During his keynote, Huang emphasized that the development of Nemotron 3 Ultra was not merely an exercise in scaling up parameters, but an overhaul of the underlying architecture. The model utilizes a hybrid framework that integrates Mamba-2 layers with standard Transformer attention mechanisms and MoE routing. This hybrid approach is specifically engineered to address the "quadratic bottleneck" of traditional Transformers, where the computational cost of processing information grows exponentially with the length of the input. By incorporating Mamba-2, Nvidia has enabled Nemotron 3 Ultra to support a massive 1-million-token context window, allowing the model to "remember" and process the equivalent of several thick novels or a massive software codebase in a single session.

Technical Architecture: Mixture-of-Experts and Multi-Token Prediction

The efficiency of Nemotron 3 Ultra is largely attributed to its Mixture-of-Experts (MoE) design. In a traditional "dense" model, every parameter is activated for every query, which requires immense computational power and increases latency. In contrast, the MoE system functions similarly to a highly specialized medical facility. When a query is submitted, the model’s "router" identifies which "specialists"—sub-networks within the 550 billion parameters—are best suited to handle the specific task. Only those 55 billion relevant parameters are activated.

This architectural efficiency allows Nvidia to claim inference speeds that are five times faster than comparable open-weight models, with operational costs approximately 30% lower than previous industry standards. Beyond MoE, the Ultra model introduces Multi-Token Prediction (MTP). While standard AI models predict the next word or "token" one by one, MTP allows Nemotron 3 Ultra to predict several future tokens simultaneously. This parallelization significantly accelerates the generation of text and code, a critical factor for real-time applications and autonomous agents that must perform multi-step planning.

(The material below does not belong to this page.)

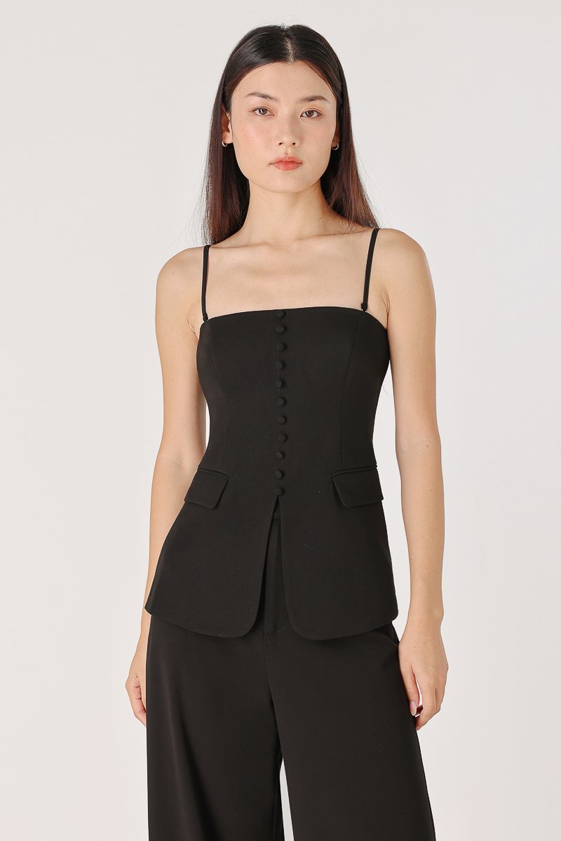 ALDA PADDED BUTTON TWO-WAY VEST TOP (BLACK)

Furthermore, the model underwent extensive post-training using reinforcement learning from human feedback (RLHF) and interactive environment training. This process was designed to shift the model from being a simple conversationalist to a functional agent capable of executing complex instructions across different software environments.

Benchmarking Intelligence: A Transpacific Competition

To validate the capabilities of Nemotron 3 Ultra, Nvidia partnered with the independent evaluator Artificial Analysis for a comprehensive pre-release assessment. The model was tested on the Intelligence Index, a composite benchmark that aggregates ten different evaluations covering mathematical reasoning, coding proficiency, general knowledge, and agentic performance.

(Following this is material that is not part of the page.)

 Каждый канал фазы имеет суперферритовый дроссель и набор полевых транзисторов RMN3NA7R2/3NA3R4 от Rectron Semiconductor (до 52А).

Nemotron 3 Ultra achieved a score of 48 on the Intelligence Index, firmly establishing it as the top-performing open-weight model produced in the United States. For comparison, Google’s Gemma 4 31B scored 39, while Nvidia’s own Nemotron 3 Super (released in March 2026) sits at 36. OpenAI’s gpt-oss-120b, another major American open-weight entry, trails further behind with a score of 33. The 12-point jump from Nemotron 3 Super to Ultra represents a generational leap in reasoning capability within just a few months of development.

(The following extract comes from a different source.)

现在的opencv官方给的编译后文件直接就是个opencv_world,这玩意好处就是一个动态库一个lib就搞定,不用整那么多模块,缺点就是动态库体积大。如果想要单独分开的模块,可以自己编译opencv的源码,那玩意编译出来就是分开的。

However, the data also highlights the growing dominance of Chinese AI labs in the open-source arena. Moonshot AI’s Kimi K2.6, released in April 2026, currently holds a score of 54 on the same index, outperforming Nemotron 3 Ultra by six points. Another Chinese model, DeepSeek V4 Pro, also maintains a lead in intelligence metrics. These Chinese models are currently ranked among the top five AI systems globally, sitting just a few points behind the proprietary, closed-source flagship models from Anthropic, Google, and OpenAI, which are currently tied at a score of 57.

Speed as a Competitive Differentiator

While Nemotron 3 Ultra may currently trail the top Chinese models in raw intelligence scores, it appears to have secured a significant lead in throughput and latency. In tests conducted on DeepInfra endpoints, the model achieved an output speed of over 300 tokens per second. In the current market, Chinese models of similar intelligence classes, such as Kimi K2.6 and DeepSeek V4 Pro, typically serve between 50 and 100 tokens per second through their commercial APIs.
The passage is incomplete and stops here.